Hercules Networks
- Company type: Private
- Industry: Manufacturer, Distributor/Wholesaler
- Founded: 2008
- Headquarters: New York City, New York
- Key people: Paul King, CEO Michael Gold, Chairman
- Products: Automated Charging Machines
- Website: www.herculesnetworks.com

= Hercules Networks =

American-based battery charger manufacturer

Hercules Networks is a U.S.-based manufacturing and distributing company. Hercules Networks was founded in 2008, and is headquartered in New York City, New York. Hercules Networks also has an office in Miami, Florida.

Hercules Networks is a manufacturer and distributor of Automated Charging Machines, public charging stations that rapidly charge a variety of devices.

==Background==
Founded by Paul King and based in New York City, NY, Hercules Networks specializes in Automated Charging Machines, stand up machines that are placed in public areas, much like ATMs are. These machines, also known as ACMs, provide a way for the public in high traffic areas to rapidly charge their devices (around 10 minutes). As their cell phones, PDAs, or mp3 players charge, they are presented with entertainment as well as advertisement, via an LCD screen and/or billboard.

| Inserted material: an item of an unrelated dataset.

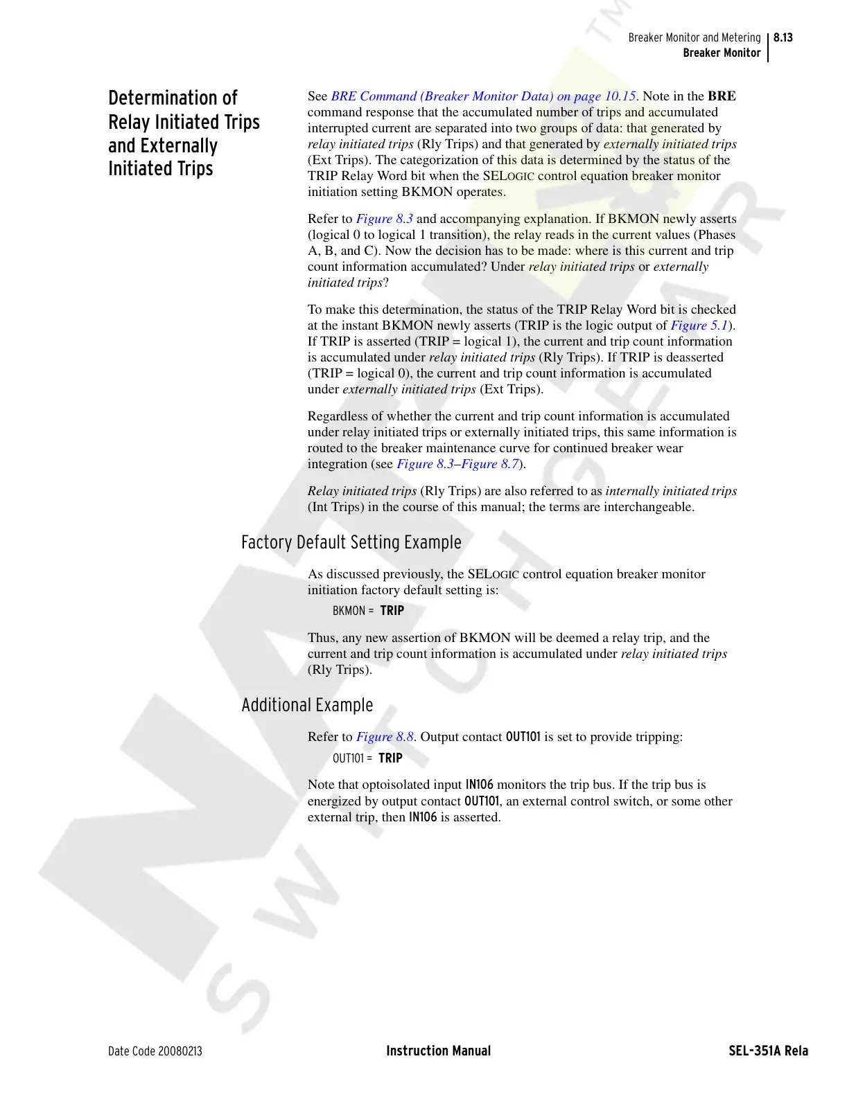 Note that optoisolated input IN106 monitors the trip bus. If the trip bus is

The machines take about 10 minutes to charge any number of connected devices.

Partnered with Google, Hercules Networks debuted these patented machines at the Democratic and Republican National Conventions in 2008. Since then, Hercules Networks has been a leading manufacturer and distributor of ACMs in the United States, with dozens deployed in various malls, amusement parks, casinos, and various other venues across the country. Hercules Networks also has partnerships with other companies such as CBS, Six Flags, Battery Boost Media, and AT&T, all of whom are partnering for revenue as well as advertising. Hercules Networks has been featured as finalist on BusinessWeek's Entrepreneur feature, and has received recognition from other major sources such as CNN, VendingTimes, and MediaWeek.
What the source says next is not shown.